When the forensic analysts see through an accounting subterfuge, thats when share value is destroyed.

So don't give us this crap about price, it's about value.


----------



## Shrewd Crude (3 October 2008)

> On point one, this is why share prices are manipulated upwards by shonky execs... a very bad practice.
> 
> On the rest of the points, let's get back to the basis for the share price and platform on which all these points rest.....
> 
> ...




WayneL,

First of all I dont deal with Companies that have shonky execs, so when my company performs, I have every faith that the SP is performance driven and not manipulation driven...

I posted clear examples of how a company is effected, and how management can be effected by its share price in response to tysonboss, by explaining that Yes 'the company is effected by its SP'...

the Share Price IS CLEARLY ONE  measure of performance... there are many measures of performance... just like earnings are a measure of performance...
just like Profits are also... So dont give me this "dont give us this crap about price, its about value".. come on man... no need to be that short sighted and focused...
hey buddy, the best meausre of performance, is what the actual SP is doing...
I get measured by how much I perform and therefore by how much a stock rises..... If my stocks are rising, then management are performing... your thoughts on manipulation brings in another element thats best to be left alone....I have seen manipulation on two occasions by instutional players...


hey, heres a question for you wayneL...
Im in stock XYZ and earnings are rising, but the Share price is falling...
AM I STILL PERFORMING?

.^sc


----------



## brty (3 October 2008)

TH and Tysonboss have answered what happens to the money perfectly. 

Failure to understand what they have written here, basically means a failure to understand what is happening in the market.

It is a game between traders.

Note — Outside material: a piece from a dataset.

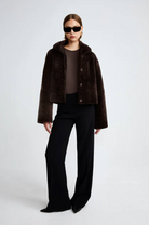 Uncompromising chic blended with enveloping coziness. Unlined lambskin shearling gives a soft draped shape, abbreviated to a cropped waist length. Finished with a plush hood, zip closure, and two pockets

Some longer term ones believe themselves to be investors.

Those that think short selling was a blight on investment, were also ones who failed to understand the game.

brty


----------



## wayneL (3 October 2008)

Shrewd Crude said:


> WayneL,
> 
> First of all I dont deal with Companies that have shonky execs, so when my company performs, I have every faith that the SP is performance driven and not manipulation driven...
> 
> ...



If the share has been bid up for some reason of sentiment, rumour, or overall economic conditions, the share price can fall if earnings are rising. This would be a matter of share price returning to fair value. 

It could also be the case that bond yields are rising causing a re-evaluation of share multiples.

In the context of the business itself, yes you are still performing... absolutely. The share price is extraneous to the performance of the business; a crude reflection of the same.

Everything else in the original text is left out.